# What is required
After locating the line with "Folio cabinet is" below, output it and each following line exactly, stopping after the line with "un bureau d'accueil avec vitrine". No pictures.

# Task data

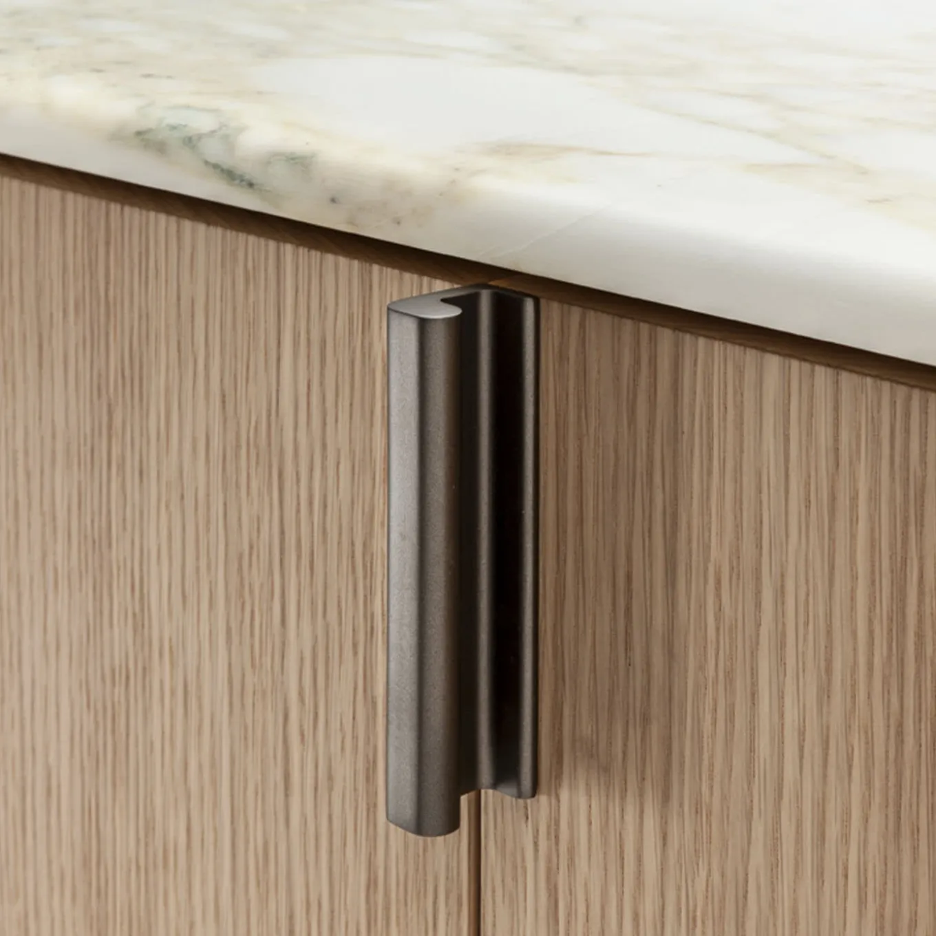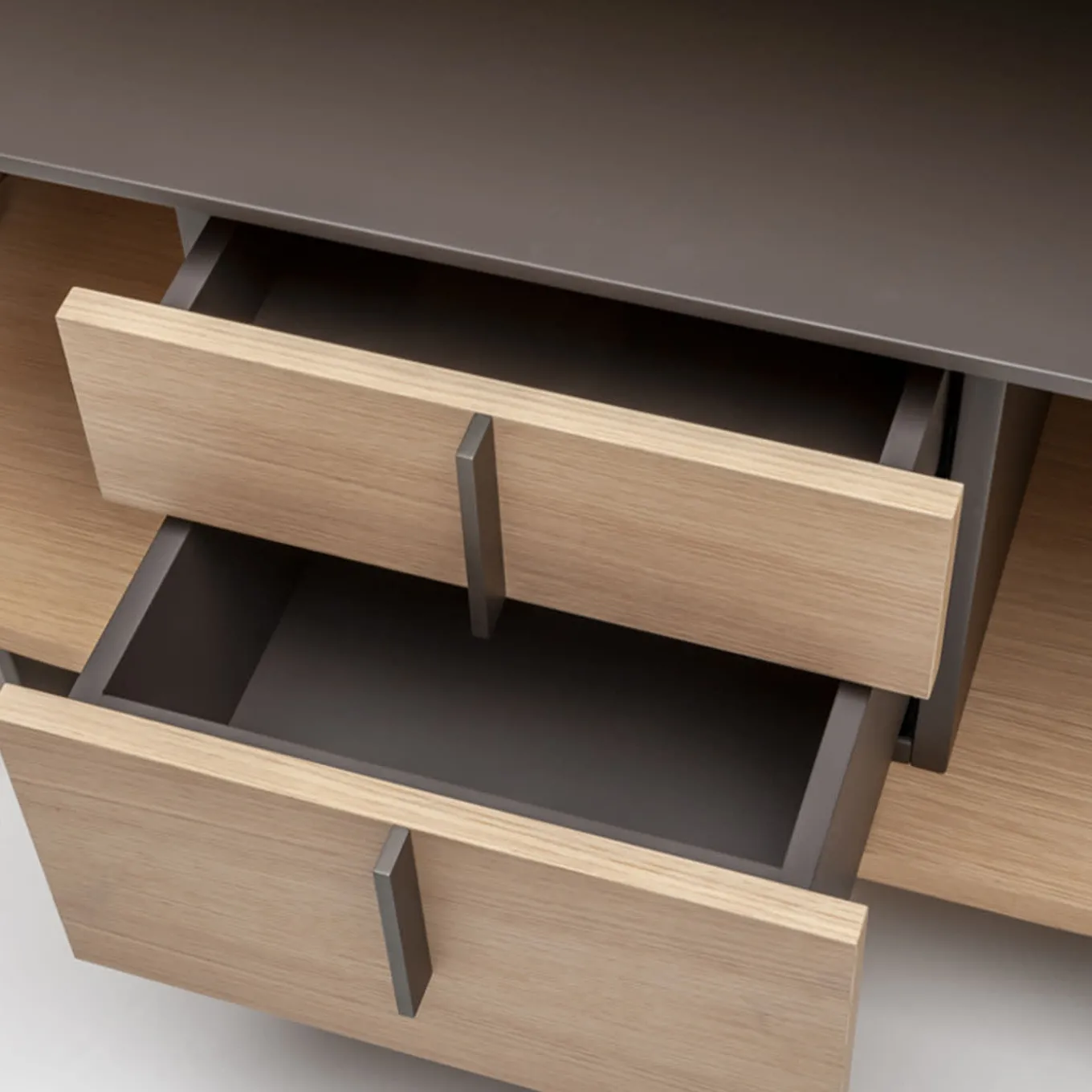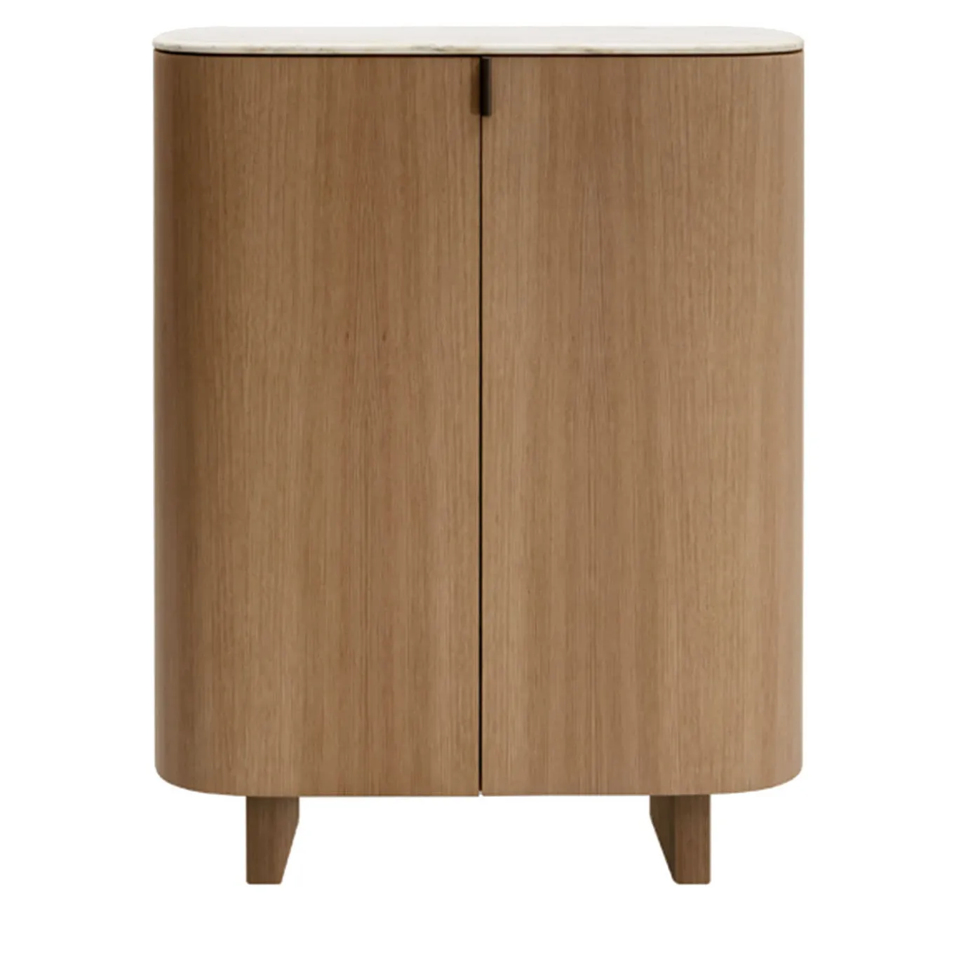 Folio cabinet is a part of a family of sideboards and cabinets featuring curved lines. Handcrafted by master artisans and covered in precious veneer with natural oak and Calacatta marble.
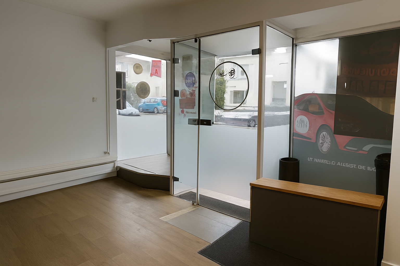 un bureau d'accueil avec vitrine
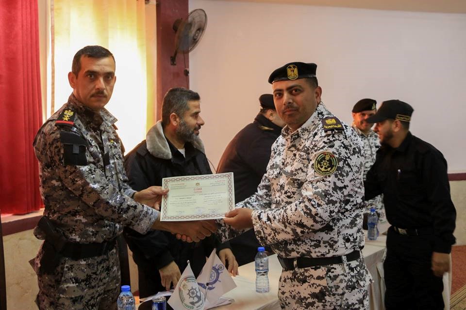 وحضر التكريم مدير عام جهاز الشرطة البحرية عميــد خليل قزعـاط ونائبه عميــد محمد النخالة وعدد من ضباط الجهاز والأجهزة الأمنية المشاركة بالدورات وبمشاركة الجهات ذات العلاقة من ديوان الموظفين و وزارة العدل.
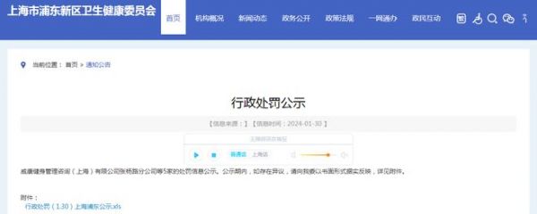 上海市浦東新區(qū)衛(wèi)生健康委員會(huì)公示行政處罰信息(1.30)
* * *
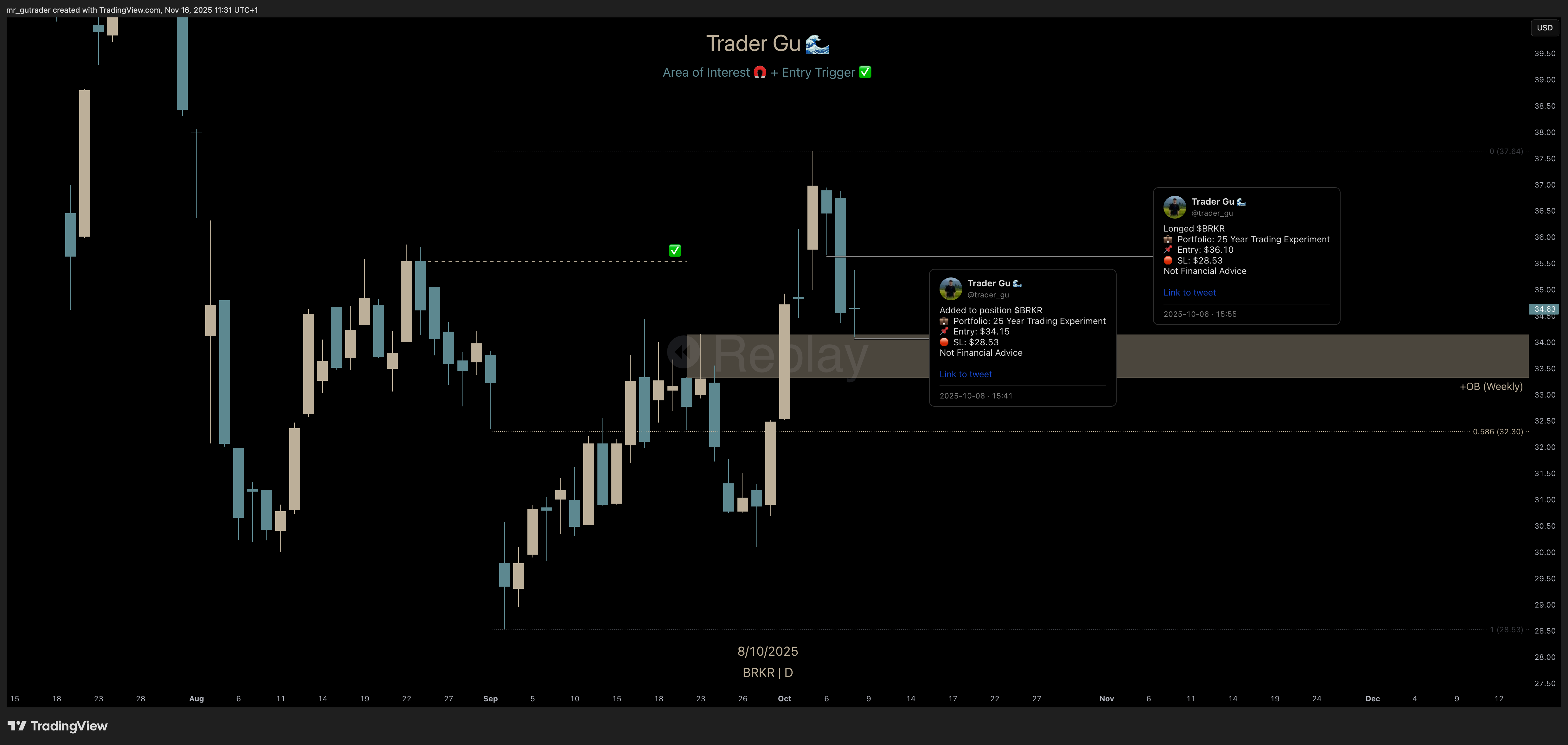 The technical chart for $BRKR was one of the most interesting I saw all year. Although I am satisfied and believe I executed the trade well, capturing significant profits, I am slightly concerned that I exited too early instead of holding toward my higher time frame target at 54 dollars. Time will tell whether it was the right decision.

# Response
 Folio cabinet is a part of a family of sideboards and cabinets featuring curved lines. Handcrafted by master artisans and covered in precious veneer with natural oak and Calacatta marble.
 un bureau d'accueil avec vitrine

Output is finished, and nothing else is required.